Meta tries to take this argument a step further, claiming an investigation into its statements about its content moderation practices might indirectly chill those practices themselves. “[J]ust as a subpoena demanding notes from an editorial board meeting would risk chilling a newspaper’s editorial rights,” Meta argues, so too does the subpoena here threaten its “exercise of editorial control.” The problem with that analogy is that Meta not only made its content moderation policies publicly available, it then widely touted the actions that were supposedly taken pursuant to those policies; indeed, those public statements were the basis for the District’s investigation. To piggyback on the editorial board analogy, if the newspaper itself had published an account of its editorial policies and decisions, and it turned out to be potentially fraudulent in some way, it would not chill the newspaper’s exercise of editorial control to investigate whether the newspaper’s public statements on that topic were false.

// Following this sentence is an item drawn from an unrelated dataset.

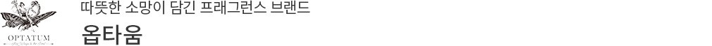 옵타움(OPTATUM)은 라틴어로 '소망'이라는 뜻이에요. 옵타움은 모든 사람들에게 향기로운 일상을 선물하고 싶다는 소망을 담아 탄생한 프래그런스 브랜드이죠. 섬세하게 블렌딩하여 완성한 다양한 향을 선보이고 있는데요. '나의 향기 찾기' 서비스를 통해 각자의 성향에 맞는 향기를 찾을 수 있도록 돕기도 해요. 19세기 영국에서 영감을 받은 럭셔리 빈티지 컨셉의 디자인도 돋보이죠. 옵타움의 감각적인 향과 함께 일상에 특별함을 더해보세요.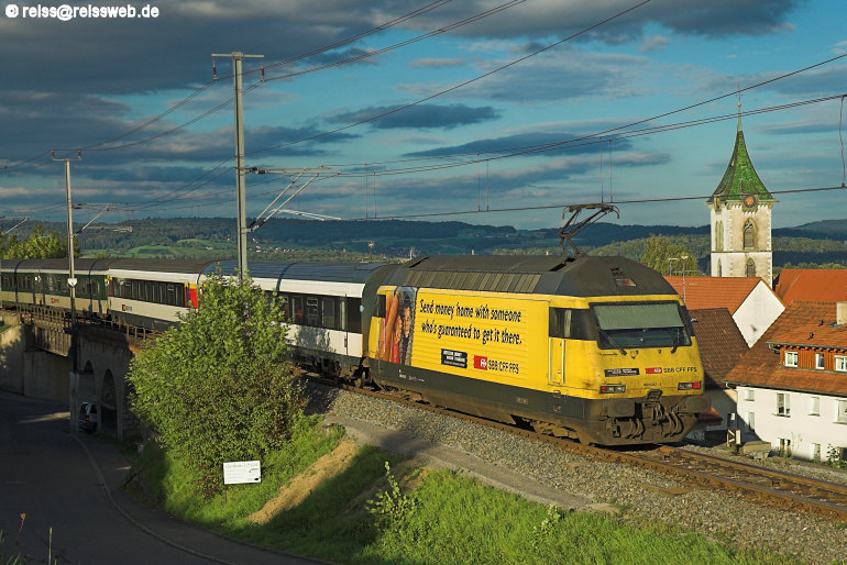 Das Wetter spielte mit, als 460 042 "Western Union II" am Abend des 04.09.2006 ihren Zug durch Lottstetten schob.

The court is way off-base here for reasons I explain in this article. Could the FTC investigate Fox News’ “fair and balanced” tagline by digging into its editorial practices? No, and it’s not even close. Note also how governments will weaponize mandatory TOS disclosures, i.e., if you didn’t tell the public them, then they wouldn’t have acted as promises to consumers, but since we compelled you to tell the public, we can now treat them as enforceable promises.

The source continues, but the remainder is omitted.